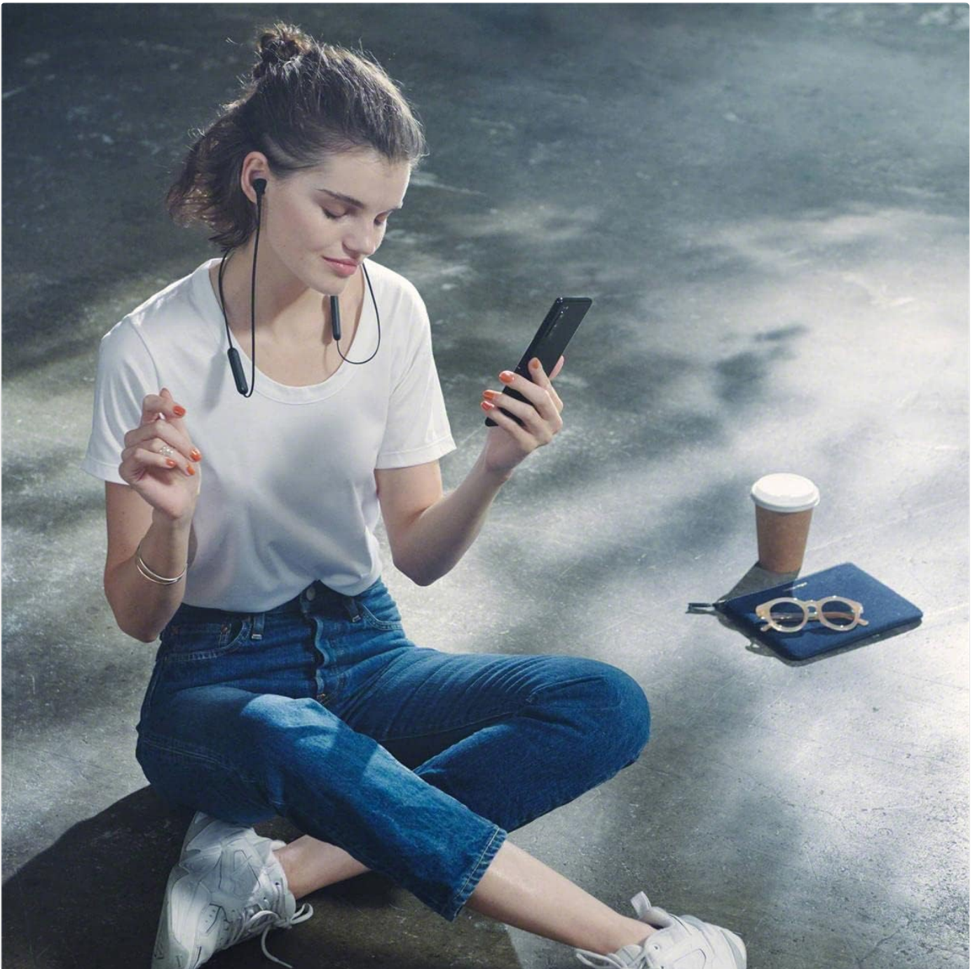
Figure 3: User enjoying music with the lightweight and flexible WI-XB400 headphones.
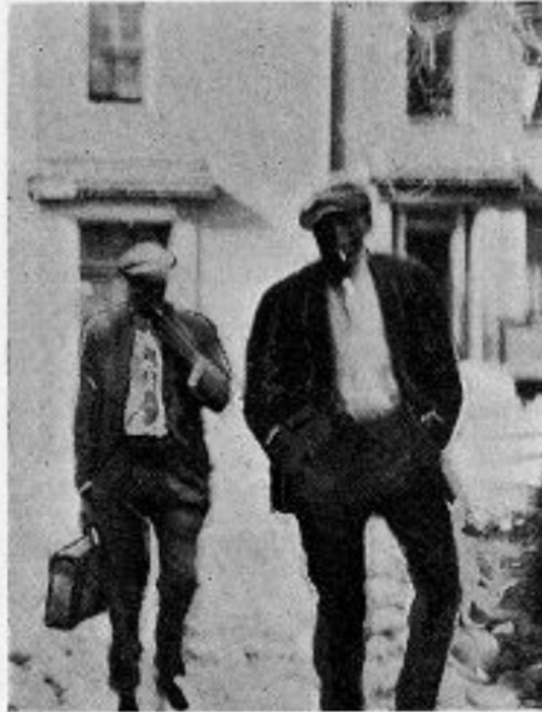
The Migration in Process.
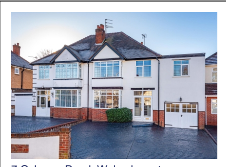
7 Osborne Road, Wolverhampton
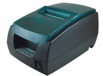
PRP-076 Dot-Matrix Receipt Printer
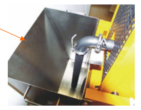
Storage Tank with Suction Pipe
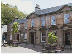
Museum of and for the West Highlands

Fort William, PH33 6AJ, The Highlands, Scotland
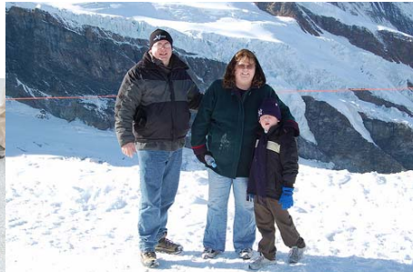
First Termers Conference in the Alps!
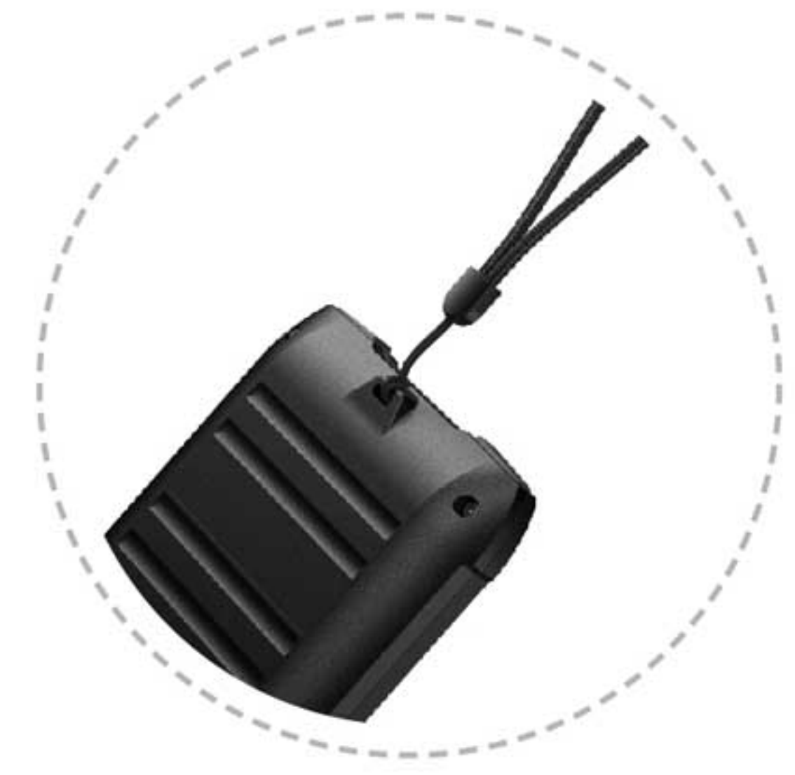
Lanyard design easy to carry

▶ [EXERCISE INSTRUCTIONS]:
Every record must be duplicated exactly, except for the pictures, which are left out.

▶ [RESPONSE]:
Figure 3: User enjoying music with the lightweight and flexible WI-XB400 headphones.
The Migration in Process.
7 Osborne Road, Wolverhampton
PRP-076 Dot-Matrix Receipt Printer
Storage Tank with Suction Pipe
Museum of and for the West Highlands

Fort William, PH33 6AJ, The Highlands, Scotland
First Termers Conference in the Alps!
Lanyard design easy to carry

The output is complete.